Par un nouveau mémoire en défense, enregistré le 26 septembre 2014, le ministre des finances et des comptes publics persiste dans ses conclusions par les mêmes moyens.

Il fait valoir, au surplus, que :

- la déduction fiscale du mali de fusion suppose que soient reprises et imposées les dépréciations constituées sur les titres de la société absorbée pour éviter qu'une même dépréciation soit déduite à deux occasions du résultat imposable de la société émettrice des titres puis absorbante ;

- le moyen tiré de la règle d'intangibilité du bilan fiscal du premier exercice non prescrit est inopérant ; en effet, l'appréciation portée sur le caractère déductible de la dépréciation de la provision litigieuse n'emporte, en application des articles 223 B et 223 D du code général des impôts, aucune incidence sur le bilan fiscal d'ouverture du groupe d'intégration et n'est donc pas susceptible de justifier une quelconque correction de ce bilan ; à cet égard, l'arrêt de la Cour de céans n° 11VE03381 du 15 mai 2014, SAS Becton Dickinson France, est parfaitement transposable à l'espèce ;

- bien que le service n'ait pas initialement fondé la rectification en litige sur le caractère délibéré de l'erreur commise par la contribuable, il était loisible à cette dernière, qui, dans ses observations, avait soutenu que le caractère irrégulier de ses écritures 2002 et 2003 n'était pas démontré, de soumettre ce point à la commission nationale des impôts directs et des taxes sur le chiffre d'affaires et ce, alors même que le vérificateur avait indiqué ne pas retenir cette circonstance pour écarter l'application de la règle d'intangibilité ;

- à titre subsidiaire, il est maintenu que l'erreur délibérée fait obstacle à l'application de la règle d'intangibilité, qui, contrairement à ce que soutient l'appelante, ne revêt pas un caractère objectif et absolu ; à cet égard, le service n'a pas pris position, au cours du contrôle, sur le caractère non délibéré de l'erreur commise par la société ; sur cette question, cette dernière ne peut se borner à évoquer un doute quant à la pertinence de la méthode DCF étant relevé que les provisions constituées par Cogecom ont elles-mêmes été déduites du résultat propre de cette filiale ;

- à titre très subsidiaire, la rectification n'ayant conduit à aucune correction d'une écriture de bilan au sens de l'article 38-2 du code général des impôts, l'appelante n'est pas fondée à invoquer le bénéfice des dispositions du 4 bis de l'article 38 du même code ;

- à titre hautement subsidiaire, il est soutenu que le bilan de la société FRANCE TÉLÉCOM SA au 1er janvier 2005 ne constitue pas le bilan d'ouverture de premier exercice non prescrit ; en effet, le résultat d'ensemble du groupe a fait l'objet d'un rehaussement au titre de l'exercice clos en 2004, notifié le 4 juillet 2007, de sorte que le délai de prescription, ainsi interrompu, n'était pas expiré lorsque le service a procédé, le 23 décembre 2008, à la correction du résultat d'ensemble 2005 ; à cette date, en vertu des dispositions de l'article R. 196-3 du livre des procédures fiscales, le délai de réclamation dont disposait la société pour contester les impositions supplémentaires mises à sa charge au titre de l'exercice 2004 mais également les impositions primitives du même exercice n'était pas expiré ;

- à titre infiniment subsidiaire, l'administration entend maintenir sa demande de compensation sur le fondement des dispositions de l'article 38-2 du code général des impôts.
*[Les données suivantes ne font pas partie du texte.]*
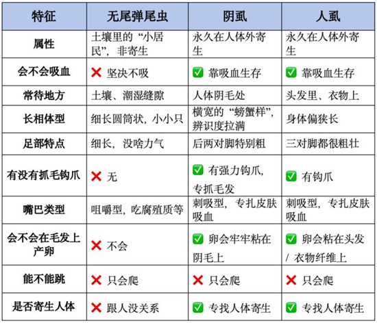 虽然无尾弹尾虫没危害,但阴虱、人虱可是会寄生人体、带来不适的“真麻烦”,光看小虫子很容易懵,一张表帮你彻底分清,再也不认错:
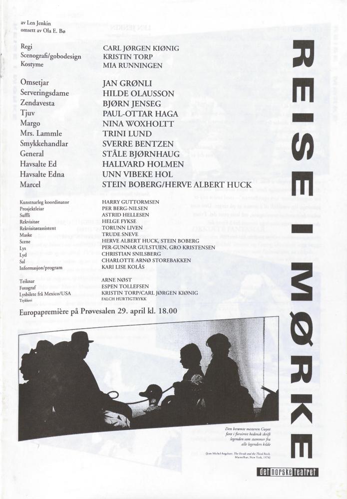Forestillingsprogram for Det Norske Teatrets produksjon Reise i mørke (1995)

Par un mémoire en réplique, enregistré le 21 novembre 2014, la SA ORANGE conclut aux mêmes fins que la requête par les mêmes moyens.

Elle soutient, en outre, que :

- contrairement à ce que soutient le ministre, à titre très subsidiaire, une reprise de provision constitue une écriture de bilan ;

- aucune imposition supplémentaire n'ayant été établie au titre de l'exercice 2004, au motif que cet exercice est resté déficitaire, la proposition de rectification notifiée le 4 juillet 2007 n'a eu aucune conséquence sur la prescription du droit de reprise de l'administration ; par suite, au sens et pour l'application du 4 bis de l'article 38 du code général de impôts, le premier exercice prescrit est bien l'exercice 2005 ; à cet égard, l'invocation par l'administration de l'article R. 193-3 du livre des procédures fiscales est erronée ; enfin, la doctrine administrative (4 A-10-06 n° 24) indique que la présence de déficits reportables au titre du premier exercice non prescrit n'influe pas sur la détermination du bilan d'ouverture intangible ;

- outre les doutes, déjà mentionnés, quant à la méthode DCF, le contexte juridique prévalant à la date de constitution de la provision, soit antérieurement à l'intervention de la décision du Conseil d'État n° 346018 du 23 décembre 2013, ne permet pas de considérer que l'absence de déduction fiscale procéderait d'une erreur délibérée ; à cet égard, l'administration ne saurait déduire l'intention de la requérante à partir des effets fiscaux d'une opération postérieure ;

- elle ne pouvait saisir la commission nationale des impôts directs et des taxes sur le chiffre d'affaires d'un motif qui, à la date de cette saisine, ne fondait pas les impositions en litige ;

- le ministre, qui procède par affirmations, ne démontre pas en quoi il y aurait une double déduction des pertes - lesquelles reflétées dans le mali de confusion, auraient, selon lui, été déduites du résultat d'ensemble - qui devrait être neutralisée par l'imposition du produit constatant la reprise de la provision ;

- la théorie du bilan fiscal du groupe, telle que défendue par le ministre, est contraire à la loi et à la jurisprudence qui imposent une démarche en deux temps consistant à déterminer d'abord les résultats de chaque filiale dans les conditions de droit commun puis à faire application des règles spécifiques de l'intégration au résultat d'ensemble ; l'arrêt

SAS Becton Dickinson, cité par l'administration à l'appui de sa défense, n'est pas pertinent en l'espèce, dès lors qu'il traite d'une reprise de provision antérieure à 2005 et se situe ainsi dans le cadre jurisprudentiel tracé par la décision du Conseil d'État SARL Ghesquière Equipement, qui autorisait la correction symétrique même sur des exercices prescrits.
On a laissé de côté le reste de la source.